Tested-by: Michael Roth <mdroth@linux.vnet.ibm.com>
Signed-off-by: Richard Henderson <rth@twiddle.net>
---
tcg/arm/tcg-target.inc.c | 112 +++++++++++++++++++++++++++++++++--------------
1 file changed, 80 insertions(+), 32 deletions(-)
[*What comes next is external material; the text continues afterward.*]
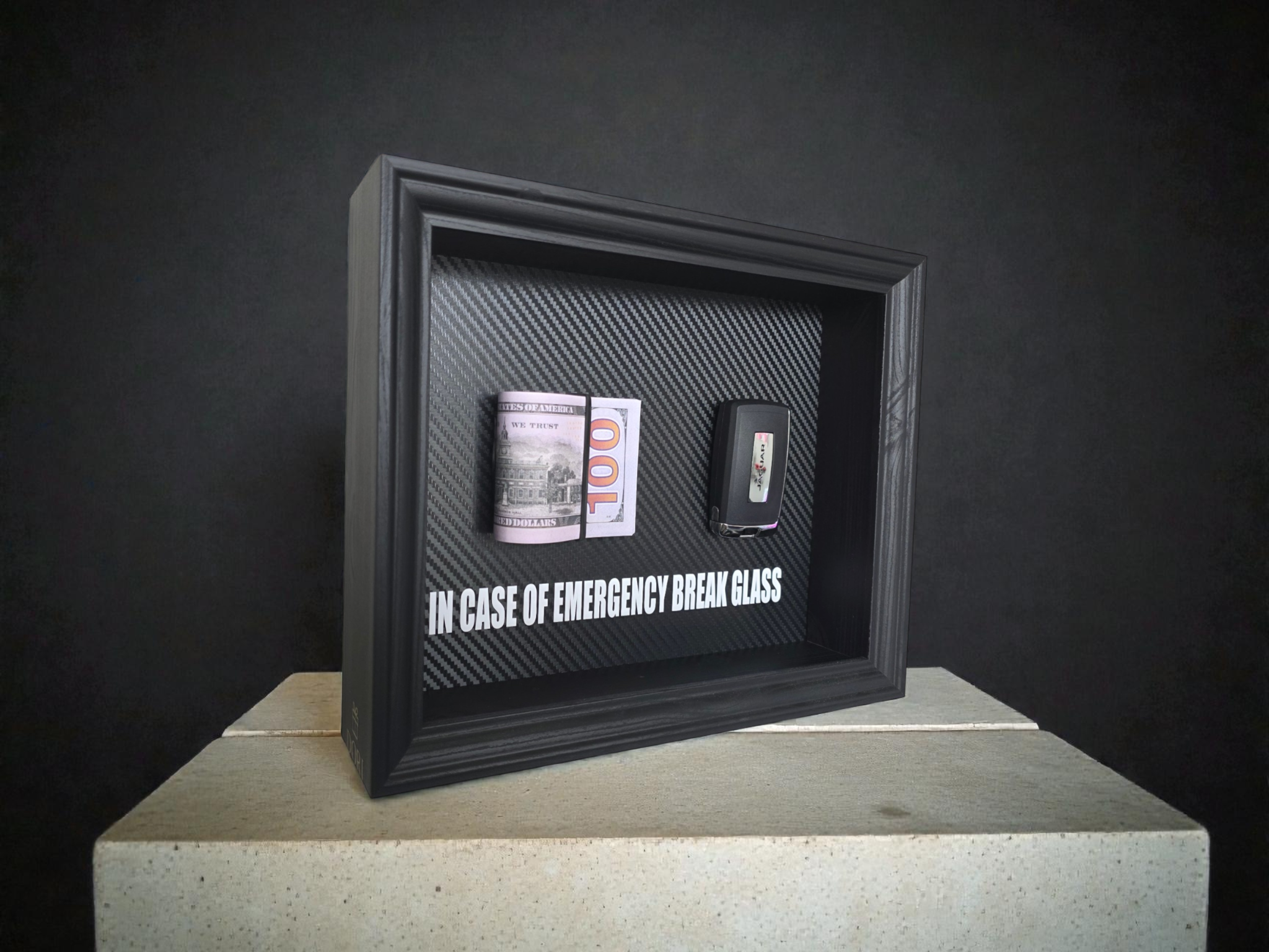 Motyvacinis DORI kolekcijos „Break Glass“ paveikslas su Jaguar automobilio rakteliu ir pinigų simbolika. Šis derinys perteikia ramų pasitikėjimą, eleganciją ir kryptingą siekį tikslo be skubėjimo ir demonstravimo.

diff --git a/tcg/arm/tcg-target.inc.c b/tcg/arm/tcg-target.inc.c
index 98a12535a5..b9890c8bd8 100644
--- a/tcg/arm/tcg-target.inc.c
+++ b/tcg/arm/tcg-target.inc.c
@@ -239,10 +239,11 @@ static void patch_reloc(tcg_insn_unit *code_ptr, int type,
}
}
-#define TCG_CT_CONST_ARM 0x100
-#define TCG_CT_CONST_INV 0x200
-#define TCG_CT_CONST_NEG 0x400
-#define TCG_CT_CONST_ZERO 0x800
+#define TCG_CT_CONST_ARM 0x0100
+#define TCG_CT_CONST_INV 0x0200
+#define TCG_CT_CONST_NEG 0x0400
+#define TCG_CT_CONST_INVNEG 0x0800
+#define TCG_CT_CONST_ZERO 0x1000
/* parse target specific constraints */
static const char *target_parse_constraint(TCGArgConstraint *ct,
@@ -258,6 +259,9 @@ static const char *target_parse_constraint(TCGArgConstraint *ct,
case 'N': /* The gcc constraint letter is L, already used here. */
ct->ct |= TCG_CT_CONST_NEG;
break;
+ case 'M':
+ ct->ct |= TCG_CT_CONST_INVNEG;
+ break;
case 'Z':
ct->ct |= TCG_CT_CONST_ZERO;
break;
@@ -351,8 +355,7 @@ static inline int check_fit_imm(uint32_t imm)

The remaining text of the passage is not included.